Phrase incident
Performance Disruption of Phrase Identity Management (EU) Component on August 26, 2024 between 12:56 PM and 02:00 PM CEST
Phrase experienced a major incident on August 26, 2024 affecting Identity management - IDM (EU), lasting 1h 3m. The incident has been resolved; the full update timeline is below.
Affected components
Update timeline
- investigating Aug 26, 2024, 11:24 AM UTC
Clients may experience issues with logging in to Phrase Platform or receive a 429 error when trying to log in. Our engineers are currently investigating the root cause. We apologize for any inconvenience caused.
- monitoring Aug 26, 2024, 12:06 PM UTC
A fix has been implemented and we are monitoring the results.
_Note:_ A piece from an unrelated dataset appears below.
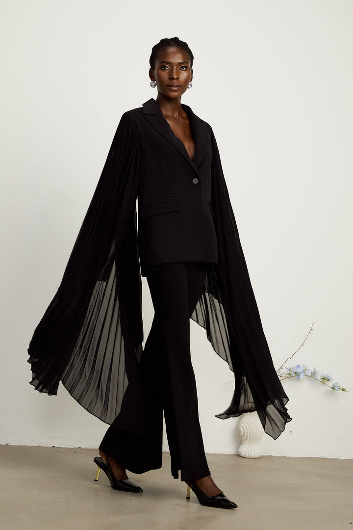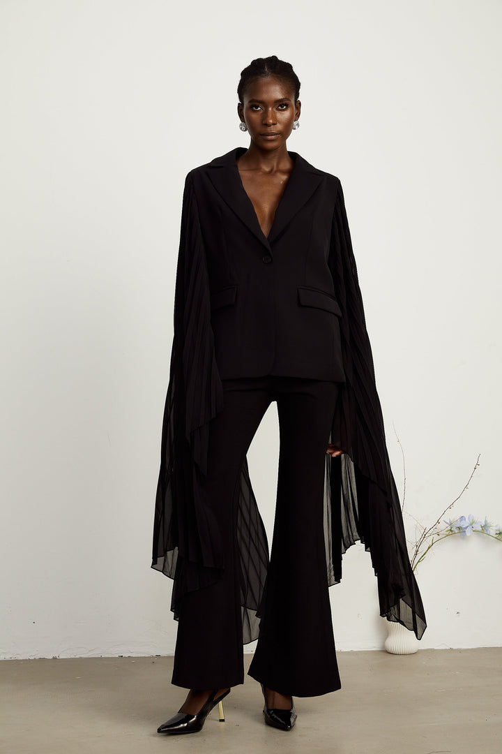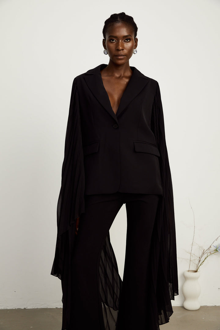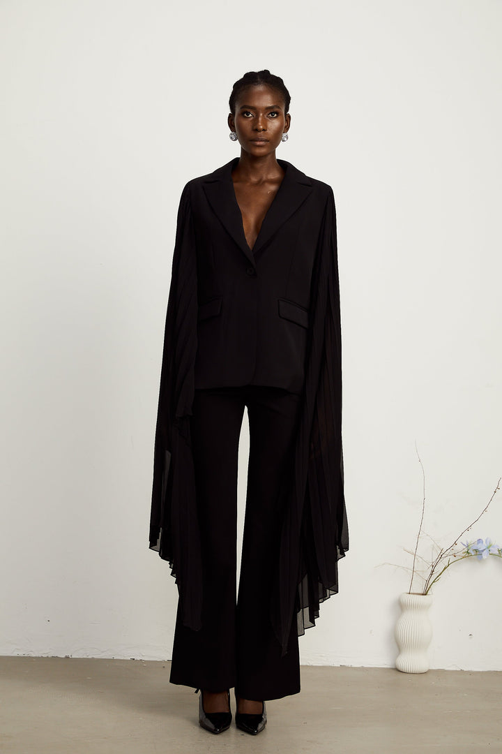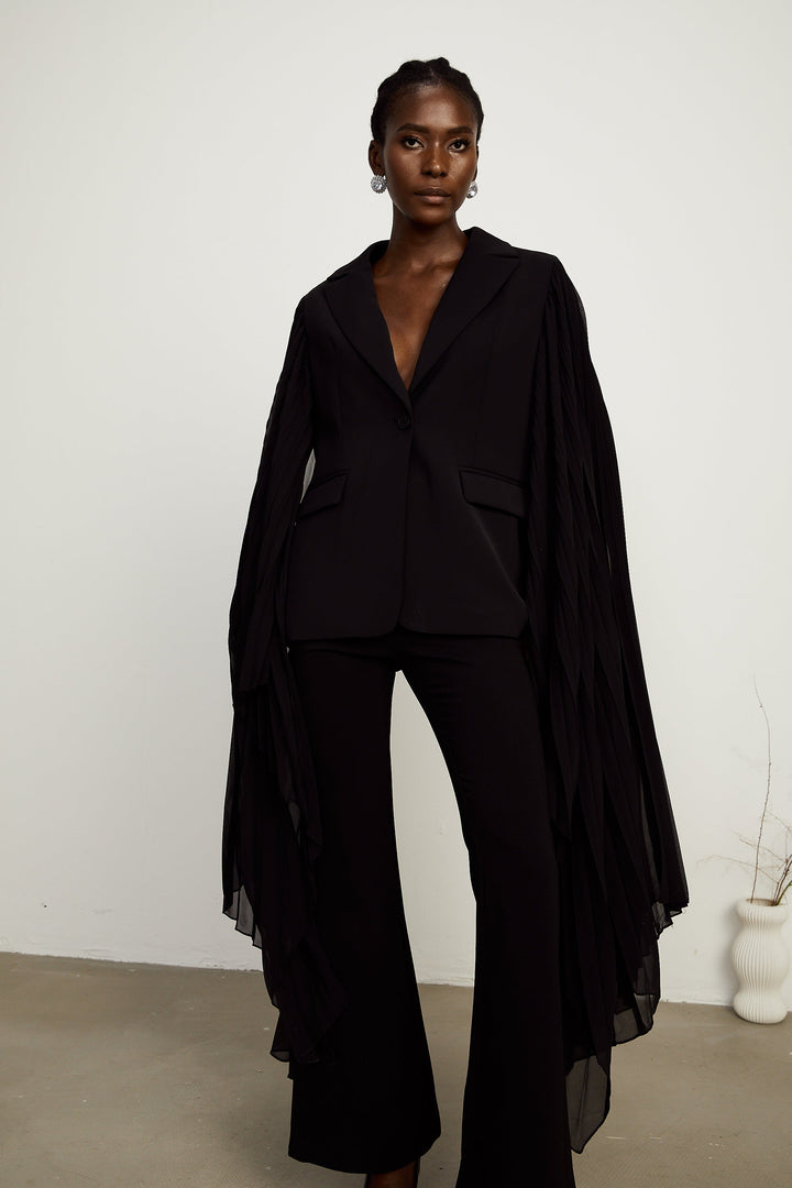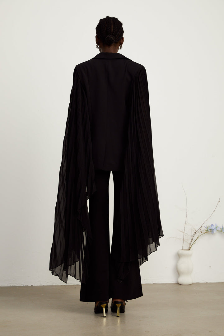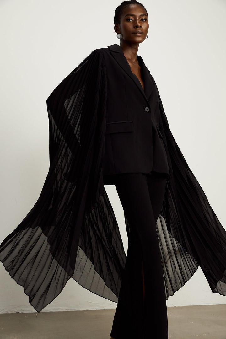 Justine black tulle-panel flared-sleeve blazer (US Only)

- resolved Aug 26, 2024, 12:27 PM UTC
This incident has been resolved.
- postmortem Aug 28, 2024, 03:53 PM UTC
### **Introduction** We would like to share more details about the events that occurred with Phrase between August 26, 2024 12:56 PM CEST and August 26, 2024 02:00 PM CEST which led to a performance disruption of the IDM \(EU\) component and what Phrase engineers are doing to prevent these issues from reoccurring. ### **Timeline** 26/8/2024 12:56 PM CEST: Multiple clients are reporting being logged out from IDM Prod EU UI. 26/8/2024 12:58 PM CEST: Health checks indicate an increased number of HTTP 429 errors \(too many connections\). 26/8/2024 01:00 PM CEST: The team responsible for the application starts analyzing the traffic. 26/8/2024 01:14 PM CEST: Phrase status page updated. 26/8/2024 01:20 PM CEST: The issue is traced down to a rate limiter malfunction in a NodeJS IDM UI related component. 26/8/2024 01:26 PM CEST: The component fix is created. 26/8/2024 01:53 PM CEST: The fix is deployed to production. 26/8/2024 02:00 PM CEST: Production EU is fully functional. ### **Root Cause** The issue was caused by an internal NodeJS rate limiter serving the IDM UI. After a redeployment, the rate limiter error limited all users regardless of their IPs and called endpoints. This effectively blocked users from using our application. Because of the set thresholds, the rate limiting LRU cache was cleared regularly allowing some users to work without disruptions. Alternately, some users were not able to use the app at all. ### **Actions to Prevent Recurrence** The NodeJS rate limiter will be replaced by another solution providing at least the same functionality.